An Explainable Machine Learning Framework for Railway Predictive Maintenance using Data Streams from the Metro Operator of Portugal
García-Méndez, Silvia, de Arriba-Pérez, Francisco, Leal, Fátima, Veloso, Bruno, Malheiro, Benedita, Burguillo-Rial, Juan Carlos
This work contributes to a real-time data-driven predictive maintenance solution for Intelligent Transportation Systems. The proposed method implements a processing pipeline comprised of sample pre-processing, incremental classification with Machine Learning models, and outcome explanation. This novel online processing pipeline has two main highlights: (i) a dedicated sample pre-processing module, which builds statistical and frequency-related features on the fly, and (ii) an explainability module. This work is the first to perform online fault prediction with natural language and visual explainability. The experiments were performed with the MetroPT data set from the metro operator of Porto, Portugal. The results are above 98 % for F-measure and 99 % for accuracy. In the context of railway predictive maintenance, achieving these high values is crucial due to the practical and operational implications of accurate failure prediction. In the specific case of a high F-measure, this ensures that the system maintains an optimal balance between detecting the highest possible number of real faults and minimizing false alarms, which is crucial for maximizing service availability.
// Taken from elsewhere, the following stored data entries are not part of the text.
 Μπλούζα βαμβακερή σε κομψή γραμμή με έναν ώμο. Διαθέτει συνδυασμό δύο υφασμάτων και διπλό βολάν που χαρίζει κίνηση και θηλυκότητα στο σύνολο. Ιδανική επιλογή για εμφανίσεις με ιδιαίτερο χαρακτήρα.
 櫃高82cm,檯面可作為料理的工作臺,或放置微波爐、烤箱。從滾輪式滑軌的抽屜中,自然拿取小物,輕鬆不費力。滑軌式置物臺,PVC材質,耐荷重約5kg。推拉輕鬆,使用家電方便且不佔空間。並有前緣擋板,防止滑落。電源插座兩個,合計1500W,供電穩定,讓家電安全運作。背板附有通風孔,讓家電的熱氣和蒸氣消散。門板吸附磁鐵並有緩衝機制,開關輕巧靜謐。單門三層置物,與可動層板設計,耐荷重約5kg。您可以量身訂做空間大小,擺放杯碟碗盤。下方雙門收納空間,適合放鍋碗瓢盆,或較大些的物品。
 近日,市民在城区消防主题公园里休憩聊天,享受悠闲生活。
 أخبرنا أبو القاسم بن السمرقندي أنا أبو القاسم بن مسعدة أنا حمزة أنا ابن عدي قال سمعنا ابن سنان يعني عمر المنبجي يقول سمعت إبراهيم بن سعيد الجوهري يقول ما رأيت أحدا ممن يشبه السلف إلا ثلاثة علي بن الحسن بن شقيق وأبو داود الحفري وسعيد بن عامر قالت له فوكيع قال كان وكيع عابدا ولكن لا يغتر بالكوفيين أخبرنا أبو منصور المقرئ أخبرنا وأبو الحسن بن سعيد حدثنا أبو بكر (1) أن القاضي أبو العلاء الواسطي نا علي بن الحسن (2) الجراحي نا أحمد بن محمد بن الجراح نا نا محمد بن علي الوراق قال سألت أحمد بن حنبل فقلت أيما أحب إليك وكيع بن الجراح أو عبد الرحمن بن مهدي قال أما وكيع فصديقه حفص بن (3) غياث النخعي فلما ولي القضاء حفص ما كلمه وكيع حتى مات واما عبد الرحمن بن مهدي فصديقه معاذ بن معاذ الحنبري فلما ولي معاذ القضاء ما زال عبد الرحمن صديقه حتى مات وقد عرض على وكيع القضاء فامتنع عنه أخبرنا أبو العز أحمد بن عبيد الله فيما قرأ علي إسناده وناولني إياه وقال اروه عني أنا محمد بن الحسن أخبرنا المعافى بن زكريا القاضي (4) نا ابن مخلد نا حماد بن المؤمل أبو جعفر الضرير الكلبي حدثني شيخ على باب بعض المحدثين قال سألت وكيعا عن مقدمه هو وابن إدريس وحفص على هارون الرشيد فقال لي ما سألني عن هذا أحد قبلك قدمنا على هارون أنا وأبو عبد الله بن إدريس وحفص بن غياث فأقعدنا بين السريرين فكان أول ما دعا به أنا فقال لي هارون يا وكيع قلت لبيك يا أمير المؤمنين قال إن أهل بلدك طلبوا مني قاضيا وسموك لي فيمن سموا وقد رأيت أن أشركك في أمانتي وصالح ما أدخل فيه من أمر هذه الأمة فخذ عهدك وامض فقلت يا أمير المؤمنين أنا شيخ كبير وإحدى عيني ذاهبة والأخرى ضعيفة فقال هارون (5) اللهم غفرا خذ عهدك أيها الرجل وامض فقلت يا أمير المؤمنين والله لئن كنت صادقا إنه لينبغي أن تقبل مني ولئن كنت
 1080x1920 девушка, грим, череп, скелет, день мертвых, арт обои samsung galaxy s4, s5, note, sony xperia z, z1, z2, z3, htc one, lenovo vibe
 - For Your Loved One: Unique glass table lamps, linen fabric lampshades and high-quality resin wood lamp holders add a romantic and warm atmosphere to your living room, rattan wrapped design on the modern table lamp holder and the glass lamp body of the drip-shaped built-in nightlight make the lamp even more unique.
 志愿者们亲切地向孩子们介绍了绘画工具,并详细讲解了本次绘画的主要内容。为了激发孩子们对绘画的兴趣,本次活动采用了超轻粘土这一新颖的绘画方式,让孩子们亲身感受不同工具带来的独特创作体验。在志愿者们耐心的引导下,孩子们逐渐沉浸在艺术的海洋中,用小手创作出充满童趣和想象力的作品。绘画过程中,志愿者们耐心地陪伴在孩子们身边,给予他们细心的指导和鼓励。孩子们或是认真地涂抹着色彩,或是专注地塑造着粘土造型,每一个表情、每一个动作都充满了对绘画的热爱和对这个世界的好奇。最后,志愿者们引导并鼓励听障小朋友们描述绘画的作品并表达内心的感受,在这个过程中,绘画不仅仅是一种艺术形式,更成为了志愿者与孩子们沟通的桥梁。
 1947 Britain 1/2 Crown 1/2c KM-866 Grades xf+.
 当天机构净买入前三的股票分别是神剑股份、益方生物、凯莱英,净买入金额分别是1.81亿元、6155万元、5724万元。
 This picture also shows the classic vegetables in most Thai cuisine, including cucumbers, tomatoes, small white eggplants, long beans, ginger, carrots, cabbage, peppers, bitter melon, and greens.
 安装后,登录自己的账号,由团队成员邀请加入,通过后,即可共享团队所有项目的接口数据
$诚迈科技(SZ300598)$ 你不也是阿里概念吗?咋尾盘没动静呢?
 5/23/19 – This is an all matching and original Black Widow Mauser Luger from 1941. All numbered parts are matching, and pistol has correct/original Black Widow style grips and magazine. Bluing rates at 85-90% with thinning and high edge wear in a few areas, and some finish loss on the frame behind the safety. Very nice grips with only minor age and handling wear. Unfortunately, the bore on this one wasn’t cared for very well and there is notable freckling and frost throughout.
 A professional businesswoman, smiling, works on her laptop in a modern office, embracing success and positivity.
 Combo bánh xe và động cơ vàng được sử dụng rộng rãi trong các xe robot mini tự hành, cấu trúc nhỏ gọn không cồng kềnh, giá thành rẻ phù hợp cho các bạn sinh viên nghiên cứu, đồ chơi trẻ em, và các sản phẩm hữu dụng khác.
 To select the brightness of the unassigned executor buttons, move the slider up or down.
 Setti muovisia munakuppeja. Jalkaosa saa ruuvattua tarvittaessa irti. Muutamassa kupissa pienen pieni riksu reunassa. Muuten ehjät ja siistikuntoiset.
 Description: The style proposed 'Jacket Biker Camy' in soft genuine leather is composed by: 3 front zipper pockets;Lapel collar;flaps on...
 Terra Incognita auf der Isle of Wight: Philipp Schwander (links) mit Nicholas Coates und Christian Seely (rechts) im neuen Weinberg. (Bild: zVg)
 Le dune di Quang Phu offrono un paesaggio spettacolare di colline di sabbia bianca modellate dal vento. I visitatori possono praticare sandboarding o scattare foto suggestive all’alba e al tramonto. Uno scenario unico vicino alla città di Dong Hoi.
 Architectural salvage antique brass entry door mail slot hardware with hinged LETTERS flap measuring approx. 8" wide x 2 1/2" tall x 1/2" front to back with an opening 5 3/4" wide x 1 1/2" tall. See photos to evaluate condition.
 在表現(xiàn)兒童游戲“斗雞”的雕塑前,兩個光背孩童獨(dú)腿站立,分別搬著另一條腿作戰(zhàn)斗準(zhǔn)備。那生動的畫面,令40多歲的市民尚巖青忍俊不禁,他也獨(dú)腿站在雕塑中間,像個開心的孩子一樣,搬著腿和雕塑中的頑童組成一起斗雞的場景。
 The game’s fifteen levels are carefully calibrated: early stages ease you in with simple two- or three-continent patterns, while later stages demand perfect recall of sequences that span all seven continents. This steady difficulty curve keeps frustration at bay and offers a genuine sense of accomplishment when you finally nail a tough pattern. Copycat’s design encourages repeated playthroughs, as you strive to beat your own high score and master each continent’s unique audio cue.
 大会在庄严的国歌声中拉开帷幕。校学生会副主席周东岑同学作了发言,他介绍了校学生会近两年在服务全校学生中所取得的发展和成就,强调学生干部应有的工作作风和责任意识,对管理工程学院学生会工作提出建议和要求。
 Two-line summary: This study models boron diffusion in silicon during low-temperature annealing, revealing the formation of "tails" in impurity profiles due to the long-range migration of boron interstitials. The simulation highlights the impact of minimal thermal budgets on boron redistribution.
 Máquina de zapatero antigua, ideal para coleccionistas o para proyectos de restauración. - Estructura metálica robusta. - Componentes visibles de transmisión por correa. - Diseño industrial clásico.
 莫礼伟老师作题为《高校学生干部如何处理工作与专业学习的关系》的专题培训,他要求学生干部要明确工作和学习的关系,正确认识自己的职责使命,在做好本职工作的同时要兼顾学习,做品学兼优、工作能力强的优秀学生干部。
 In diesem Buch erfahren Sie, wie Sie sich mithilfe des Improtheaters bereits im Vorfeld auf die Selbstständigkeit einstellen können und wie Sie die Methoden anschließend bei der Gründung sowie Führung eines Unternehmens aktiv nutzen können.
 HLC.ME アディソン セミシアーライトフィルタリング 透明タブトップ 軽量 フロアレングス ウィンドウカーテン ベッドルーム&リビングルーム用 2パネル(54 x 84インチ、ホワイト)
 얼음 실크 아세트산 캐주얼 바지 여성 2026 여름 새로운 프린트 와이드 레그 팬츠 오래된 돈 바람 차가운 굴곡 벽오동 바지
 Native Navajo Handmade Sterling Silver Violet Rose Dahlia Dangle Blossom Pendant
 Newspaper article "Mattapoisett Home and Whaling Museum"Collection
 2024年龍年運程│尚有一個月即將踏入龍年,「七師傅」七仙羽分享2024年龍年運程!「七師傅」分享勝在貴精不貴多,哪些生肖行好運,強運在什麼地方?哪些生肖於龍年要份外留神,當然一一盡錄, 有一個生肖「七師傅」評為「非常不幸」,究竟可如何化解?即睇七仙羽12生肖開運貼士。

Furthermore, the accuracy obtained enables reliability, directly impacting cost reduction and increased safety. The analysis demonstrates that the pipeline maintains high performance even in the presence of class imbalance and noise, and its explanations effectively reflect the decision-making process. These findings validate the methodological soundness of the approach and confirm its practical applicability for supporting proactive maintenance decisions in real-world railway operations. Therefore, by identifying the early signs of failure, this pipeline enables decision-makers to understand the underlying problems and act accordingly swiftly.